Он перенес ее в спальню и осторожно положил на кровать.

— Ах, — сказала она. — О, Эрик… — Она вздохнула. И все-таки он не мог. Этого тоже. Понурившись, он отодвинулся и сел на край кровати.

— Я должен уволиться из ТМК, — сказал он после паузы. — Ты должна с этим согласиться. — Он погладил ее волосы. — Молинари очень плох; можете быть, я ничем не помогу, но попытаться необходимо Понимаешь?

— Ты лжешь, — сказала Кэти.

— В чем? — он продолжал гладить ее волосы, но; уже чисто механически.

— Если бы это была настоящая причина, ты бы не отказался заняться со мной любовью сейчас, — Она застегнула платье. — Тебе наплевать на меня, — ее голос приобрел решительность. Ему был знаком этот. тихий, бесцветный голос. Всегда этот барьер, через который не пробиться. На этот раз он решил не терять время на бесплодные попытки, он просто продолжал поглаживать ее и думал: “Что бы с ней не случилось, это будет на моей совести. И она тоже это знает. Она лишена этого груза ответственности, и для нее это самое худшее. Никуда не годится, не способен заниматься с ней любовью”.

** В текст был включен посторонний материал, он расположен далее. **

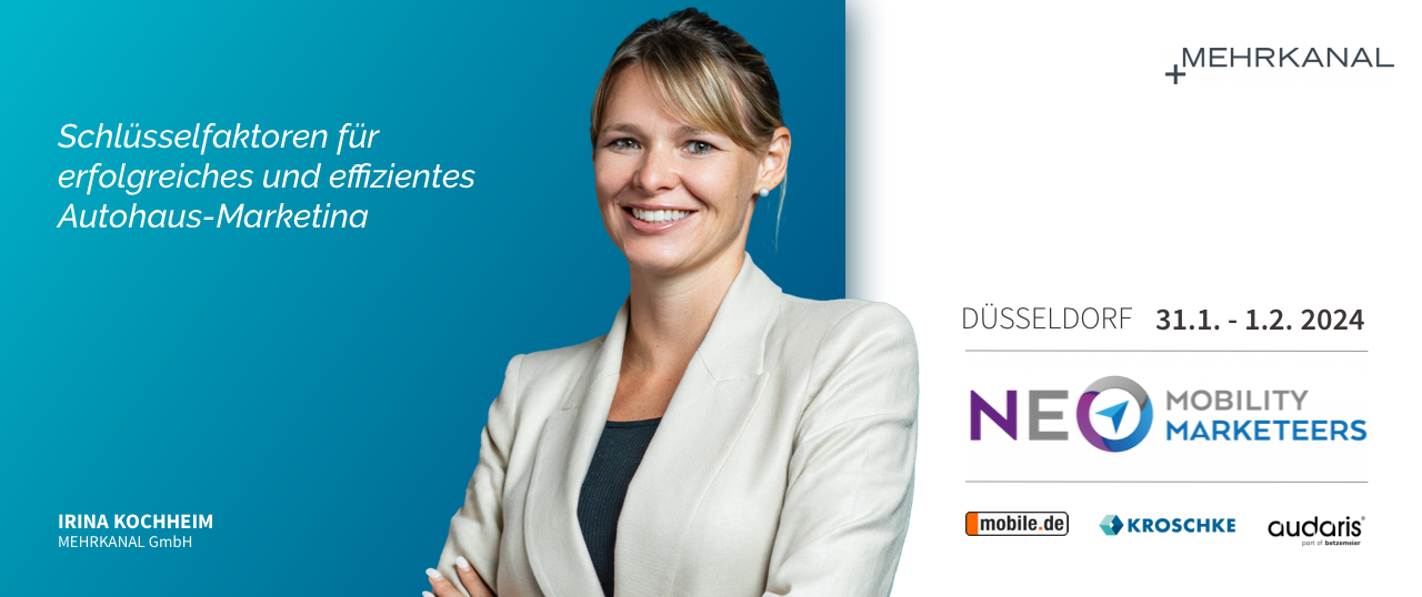 Als Partner und Experte in der Automobilbranche unterstützt die MEHRKANAL GmbH, der führende Lösungsanbieter für Marketing aus Essen, diese Fachveranstaltung. Irina Kochheim, Consultant bei MEHRKANAL, erläutert dort die Schlüsselfaktoren für erfolgreiches und effizientes Autohaus-Marketing. Gemeinsam mit Crispin Dohrmann (mobile.de), Philipp Kroschke (Kroschke Gruppe) und Maximilian Betzemeier (audaris GmbH) erklärt sie, wie Autohäuser ihre Marketingmaßnahmen schneller und leichter auf die Straße bringen und so aus Leads Kunden werden. Dabei wird MEHRKANAL besonders auf die Vorteile von automatisierten Prozessen im Marketing eingehen. Schwerpunkte sind hier die Themen „Omnichannel Marketing", „ki-basierte Marketingstrategien" sowie „Fahrzeugverkauf online".
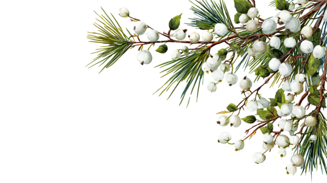 Winter Pine Branch with White Snowberries on Clean Serene Background

— Мой обед готов, — сказал он, вставая. Она села.

— Эрик, я отплачу тебе за то, что ты меня бросаешь, — Она разгладила платье, — Ты понимаешь?

— Да, — ответил он и пошел на кухню.

— Я посвящу этому всю жизнь, — сказала Кэти из гостиной. — Теперь у меня есть цель в жизни. Это просто замечательно, наконец-то обзавестись собственной целью, это возбуждает. После всех этих бессмысленных гадких лет с тобой. Я как будто заново родилась.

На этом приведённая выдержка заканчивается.